WHAT THIS TASK INVOLVES: Going through the material below, output exactly the lines from the one containing "Couple et chien." through the one containing "There are 5", and no pictures.

RAW DATA:
►
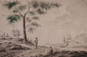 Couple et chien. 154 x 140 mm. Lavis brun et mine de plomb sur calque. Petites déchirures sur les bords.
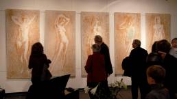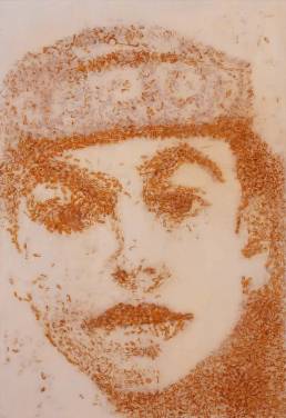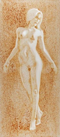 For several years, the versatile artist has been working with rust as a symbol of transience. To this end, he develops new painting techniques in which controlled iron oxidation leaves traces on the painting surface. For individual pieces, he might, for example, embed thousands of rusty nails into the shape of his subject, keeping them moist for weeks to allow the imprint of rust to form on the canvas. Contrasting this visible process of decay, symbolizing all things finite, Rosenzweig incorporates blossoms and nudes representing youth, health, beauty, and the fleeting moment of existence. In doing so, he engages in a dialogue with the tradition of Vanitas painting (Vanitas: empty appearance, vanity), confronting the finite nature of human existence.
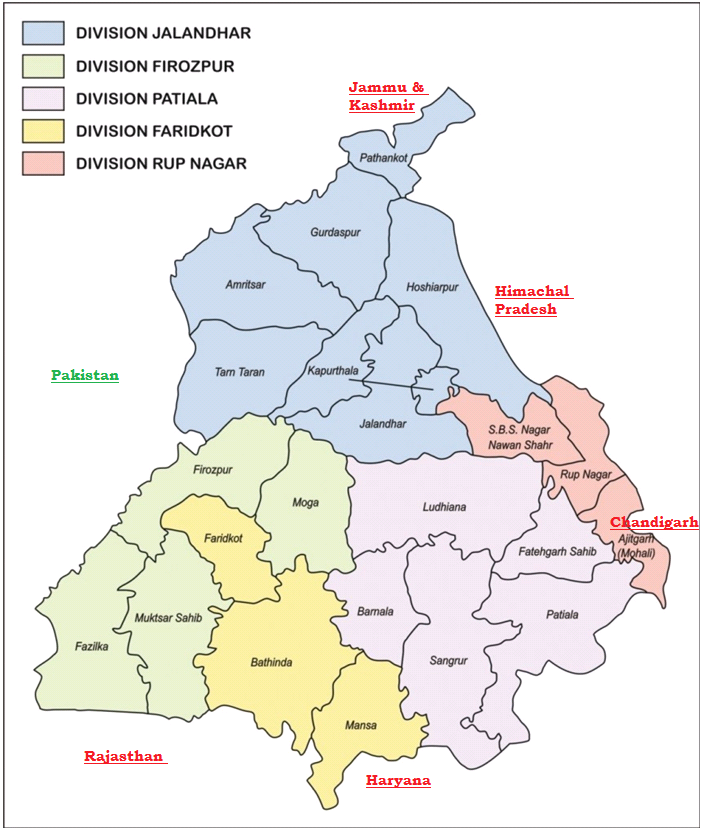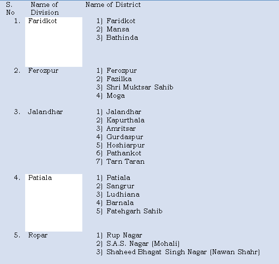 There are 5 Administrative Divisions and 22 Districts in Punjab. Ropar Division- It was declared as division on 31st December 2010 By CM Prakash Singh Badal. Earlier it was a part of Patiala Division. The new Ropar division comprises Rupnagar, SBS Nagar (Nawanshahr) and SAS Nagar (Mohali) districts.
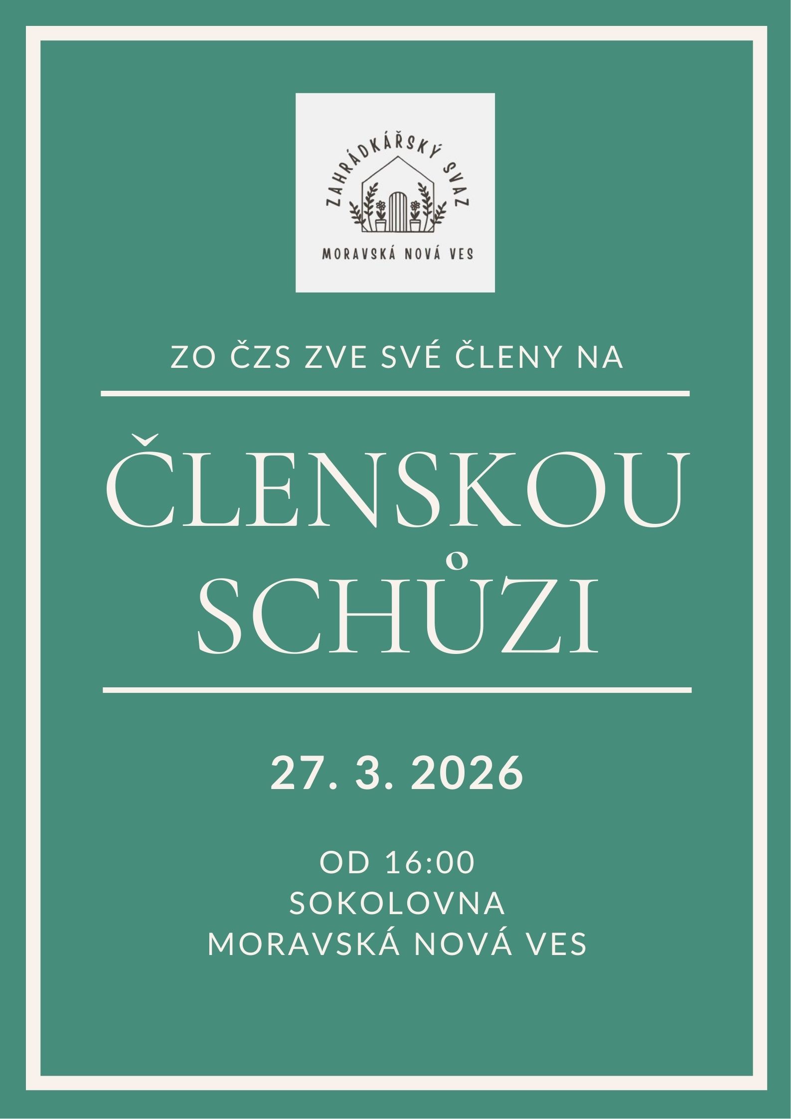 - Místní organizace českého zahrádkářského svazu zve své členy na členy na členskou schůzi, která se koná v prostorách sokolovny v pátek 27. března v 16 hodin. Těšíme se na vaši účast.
◄
►
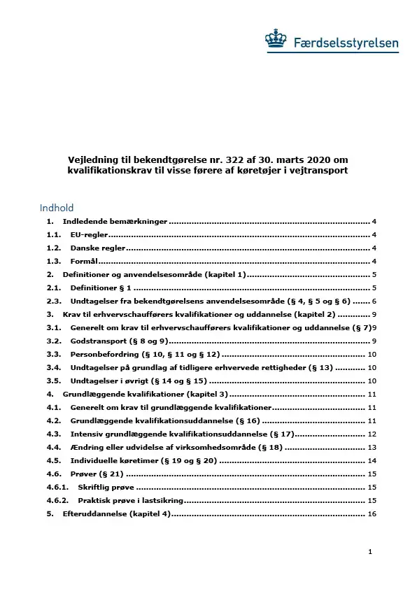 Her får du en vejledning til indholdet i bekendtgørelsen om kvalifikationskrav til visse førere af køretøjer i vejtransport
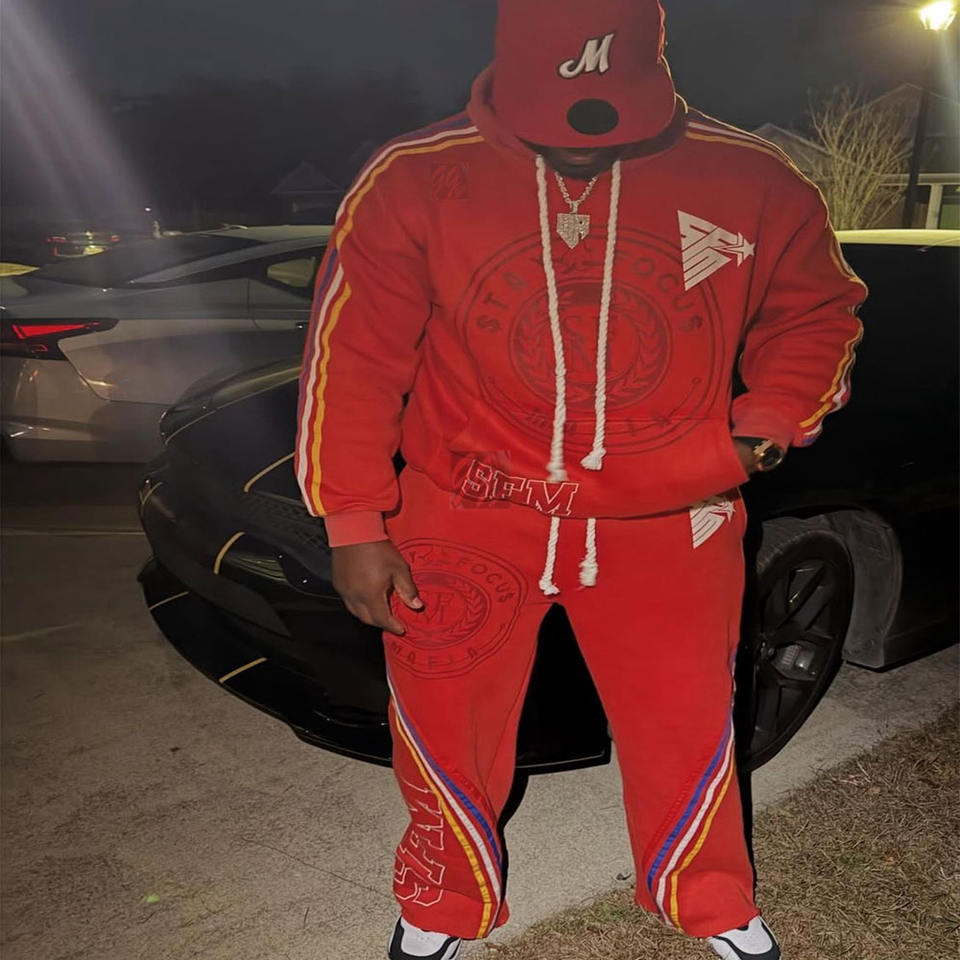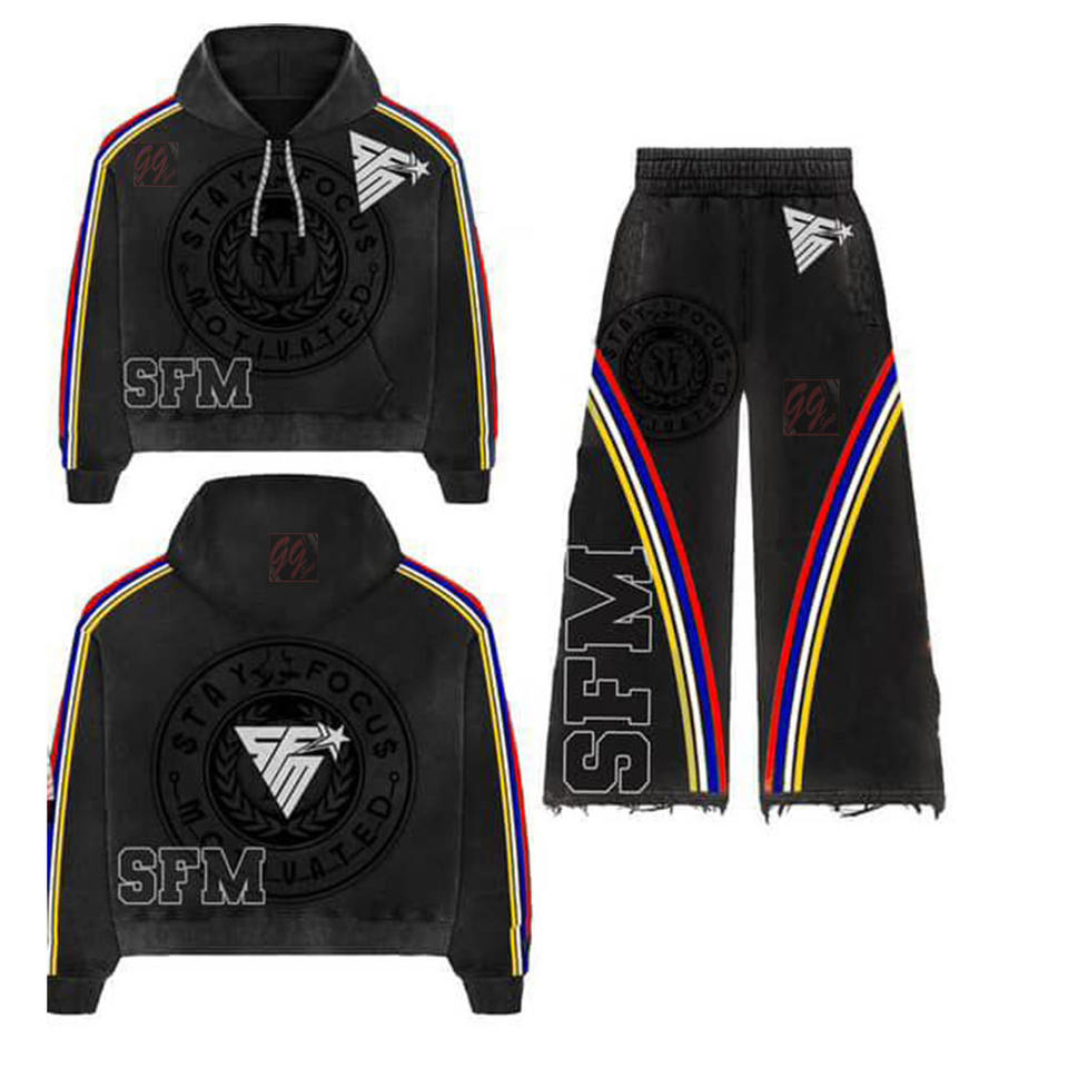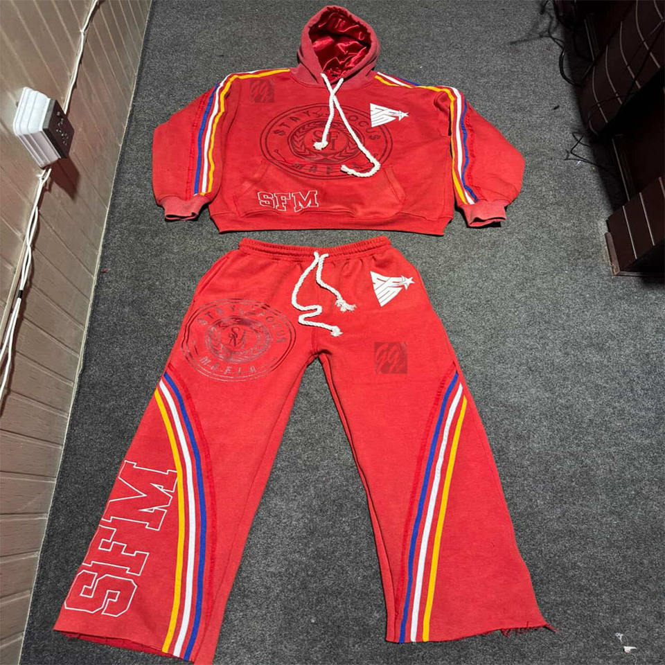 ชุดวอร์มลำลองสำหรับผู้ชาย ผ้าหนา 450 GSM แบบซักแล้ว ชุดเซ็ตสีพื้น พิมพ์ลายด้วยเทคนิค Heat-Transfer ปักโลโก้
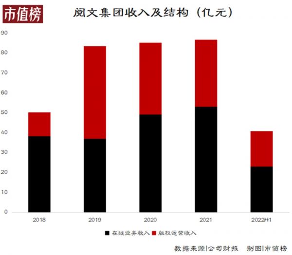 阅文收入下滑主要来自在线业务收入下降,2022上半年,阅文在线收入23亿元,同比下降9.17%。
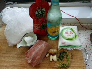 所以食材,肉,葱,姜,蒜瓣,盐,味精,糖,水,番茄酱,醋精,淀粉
◄
ANSWER SPACE:
 Couple et chien. 154 x 140 mm. Lavis brun et mine de plomb sur calque. Petites déchirures sur les bords.
 For several years, the versatile artist has been working with rust as a symbol of transience. To this end, he develops new painting techniques in which controlled iron oxidation leaves traces on the painting surface. For individual pieces, he might, for example, embed thousands of rusty nails into the shape of his subject, keeping them moist for weeks to allow the imprint of rust to form on the canvas. Contrasting this visible process of decay, symbolizing all things finite, Rosenzweig incorporates blossoms and nudes representing youth, health, beauty, and the fleeting moment of existence. In doing so, he engages in a dialogue with the tradition of Vanitas painting (Vanitas: empty appearance, vanity), confronting the finite nature of human existence.
 There are 5 Administrative Divisions and 22 Districts in Punjab. Ropar Division- It was declared as division on 31st December 2010 By CM Prakash Singh Badal. Earlier it was a part of Patiala Division. The new Ropar division comprises Rupnagar, SBS Nagar (Nawanshahr) and SAS Nagar (Mohali) districts.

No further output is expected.